John Henderson died on 30 September after a long illness. His four years as Prime Minister David Lange's chief of staff (June 1985 to August 1989) was the peak of a career that had him straddle, unlike any other New Zealand public servant, university teaching ahead of and after his time on the Beehive's top floor.

John was a stalwart for this journal: he was one of the initial corresponding editors (1976-80). He contributed eighteen articles, two obituaries, including Sir Wallace Rowling's, and book reviews. He was a keen advocate for the NZ International Review, particularly by promoting it to his students. In the two most recent volumes of the NZIIA's quartet of New Zealand in World Affairs, he contributed the Oceania/South Pacific chapter.

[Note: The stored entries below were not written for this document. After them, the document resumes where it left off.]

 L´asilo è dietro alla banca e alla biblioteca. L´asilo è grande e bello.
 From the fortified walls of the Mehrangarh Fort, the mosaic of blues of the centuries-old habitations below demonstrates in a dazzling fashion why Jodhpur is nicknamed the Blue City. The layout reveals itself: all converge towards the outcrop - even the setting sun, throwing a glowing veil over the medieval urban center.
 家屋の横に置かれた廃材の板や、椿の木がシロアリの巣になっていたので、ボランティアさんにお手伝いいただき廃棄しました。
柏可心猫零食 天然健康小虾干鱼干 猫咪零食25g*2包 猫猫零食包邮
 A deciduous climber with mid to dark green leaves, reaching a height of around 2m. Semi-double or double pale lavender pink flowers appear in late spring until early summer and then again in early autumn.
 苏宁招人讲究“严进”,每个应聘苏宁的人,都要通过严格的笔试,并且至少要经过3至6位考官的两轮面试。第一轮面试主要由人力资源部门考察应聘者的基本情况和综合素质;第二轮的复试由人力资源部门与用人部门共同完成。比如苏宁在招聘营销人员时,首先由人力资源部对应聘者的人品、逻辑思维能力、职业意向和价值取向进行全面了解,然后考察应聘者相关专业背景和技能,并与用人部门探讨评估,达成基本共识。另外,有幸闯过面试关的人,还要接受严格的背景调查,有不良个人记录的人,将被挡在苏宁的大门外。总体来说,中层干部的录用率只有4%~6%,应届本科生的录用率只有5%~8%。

John was a longstanding member of the NZIIA's Christchurch branch committee until he stood down in 2010, when he concluded his academic career early as his health declined. That year's branch AGM passed a motion thanking him for those many years' service, for his many stimulating talks to the branch and for encouraging his students to attend meetings.

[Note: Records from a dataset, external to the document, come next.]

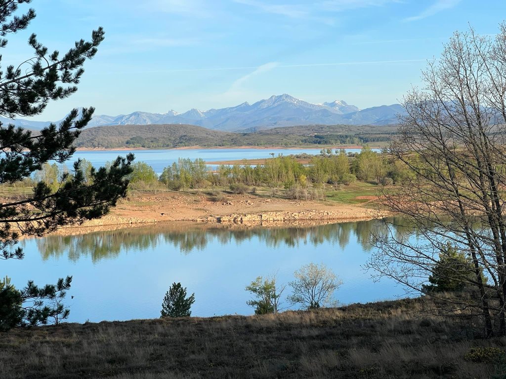 Today was 29.5km of shadeless asphalt/concrete and hard packed farm track. I started out an hour early after getting a refreshing down day in Aguilar. Headed towards the dam and then up and over, not to cross it. Then through pastures, pastures, more pastures. 18km to the first pit stop – only drinks, no food. Good thing I brought some pinchos I bought to go the day before…. The Camino only took me next to the resevoir for about 2km, and then a forest was between the trail and the resevoir, so viewing opportunities were limited.
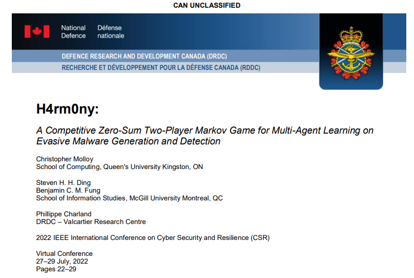 为了打击日益多变和易变的现代恶意软件,机器学习(ML)现在是对现有基于签名的恶意软件分流和识别技术的一种流行和有效的补充。然而,ML也是对手的一个现成的工具。最近的研究表明,恶意软件可以通过深度强化学习(RL)技术进行修改,以绕过基于人工智能和基于签名的反病毒系统,而不改变其原有的恶意功能。这些研究只专注于生成规避样本,并假设静态检测系统为敌人。
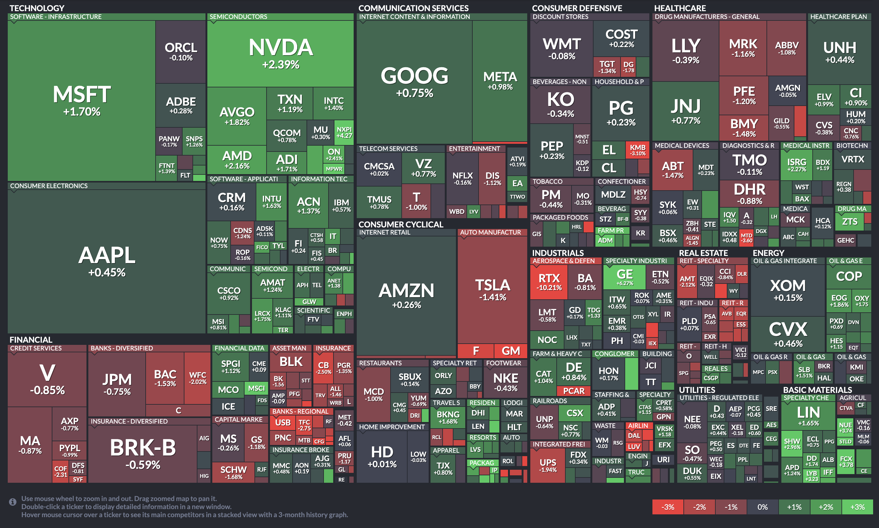 기술주가 상승했다. 애플 0.45%, 마이크로소프트 1.7%, 아마존 0.26%, 알파벳 0.56%, 엔비디아 2.39%, 메타 0.98% 상승했다. 반면 넷플릭스는 0.16% 소폭 하락했다.
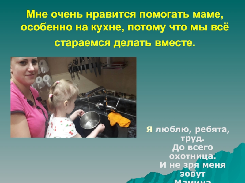 Слайд 5Мне очень нравится помогать маме, особенно на кухне, потому что

John's academic reflections on his Lange years, along with his writings on New Zealand foreign policy and the contemporary South Pacific, leave us a substantial record. His forte was journal articles and book chapters. His single authored book was a biography in 1981 of Bill Rowling. He co-edited numerous other academic books.

It was Geoffrey Palmer who drew John to the pathway that led to his chief of staff stint. A newly elected MP in 1979, Palmer was asked by Labour leader Bill Rowling to reconstruct the party's parliamentary research unit. He came up with John, not even a party member, to head it. John was soon entangled in the push back at Lange, by then Rowling's deputy, who wanted the leadership as soon as yesterday. When Lange got the leadership in early 1983, John soon went to London to the Commonwealth Parliamentary Association, until Lange came looking for him when en route to Oxford for the debate.

Lange's chase of John was a no-brainer: it showed that, at least, on this occasion the new prime minister got who was right for him. He had faced off with John in the leadership scuffling and had taken on board John's tactical skills and intellect. Now that he was prime minister he was astute enough to want him at his shoulder. The appointment was processed by the State Services Commission. John reached the Beehive when the sinking of the Rainbow Warrior occurred. As Gerald Hensley, the head of the Prime Minister's Department and John's chief executive, wrote in his 2006 memoir Final Approaches, 'my own position had come to look distinctly shaky', adding that John's 'calm and practical nature helped this novel arrangement to work well enough'. A December 1988 Listener story had John assuming 'a general, rustic even shambolic air' but failed to convey how John stitched together much for Lange.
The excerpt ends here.